● **Requirement**: Give back the full listing, character for character, with no pictures.

● ● ● ●

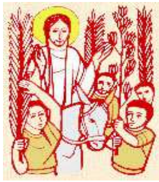
“Benedetto Colui che viene...”

Foglio Parr.le - 29 Marzo - 5 Aprile 2015 - Domenica delle Palme- Lit. Ore: 2 a Settimana -
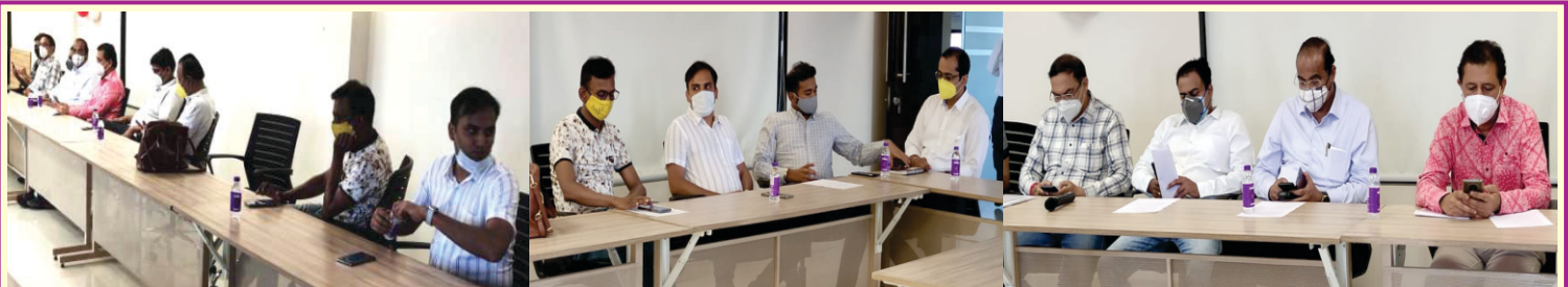
OB Members, Committee Convener & Co-convenor attending GB Meeting
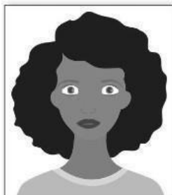
Figura 1. Modelo de Foto Frontal
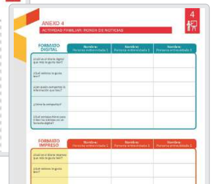
● Actividad Inicial
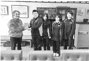
< 遠矢中学校 >
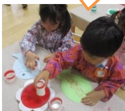
お魚作るよ! べったん!べったん!
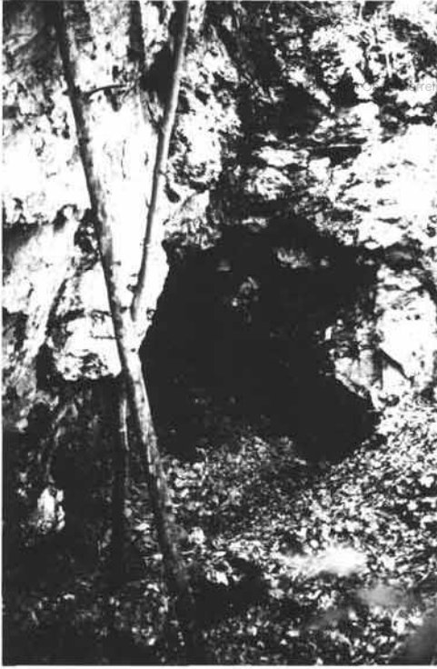
Grubenportal am steilen Südfuß des markanten Felsgrates im Westhang des Revieres
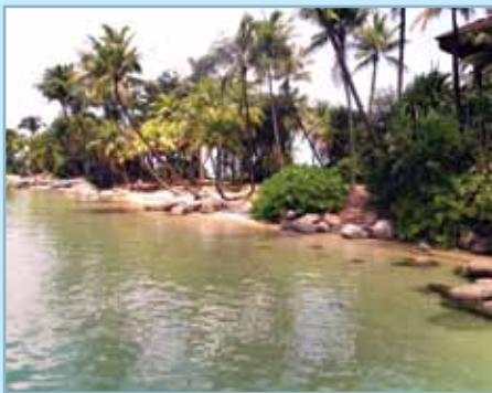
Île Sentosa à Singapour

Je suis partie avec deux valises que j'ai mis quelques semaines à défaire car j'ai eu un coup de panique quand je suis arrivée là-bas : « Oh mon Dieu ! Je suis à 10 000 km de tous les gens que je connais ! »
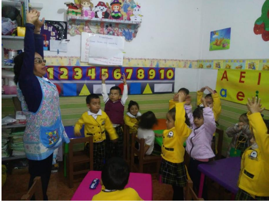
1.2 Los alumnos realizando sus imágenes de la lectura y del amor.

● ● ● ●

● **Output of the task**:
“Benedetto Colui che viene...”

Foglio Parr.le - 29 Marzo - 5 Aprile 2015 - Domenica delle Palme- Lit. Ore: 2 a Settimana -
OB Members, Committee Convener & Co-convenor attending GB Meeting
Figura 1. Modelo de Foto Frontal
● Actividad Inicial
< 遠矢中学校 >
お魚作るよ! べったん!べったん!
Grubenportal am steilen Südfuß des markanten Felsgrates im Westhang des Revieres
Île Sentosa à Singapour

Je suis partie avec deux valises que j'ai mis quelques semaines à défaire car j'ai eu un coup de panique quand je suis arrivée là-bas : « Oh mon Dieu ! Je suis à 10 000 km de tous les gens que je connais ! »
1.2 Los alumnos realizando sus imágenes de la lectura y del amor.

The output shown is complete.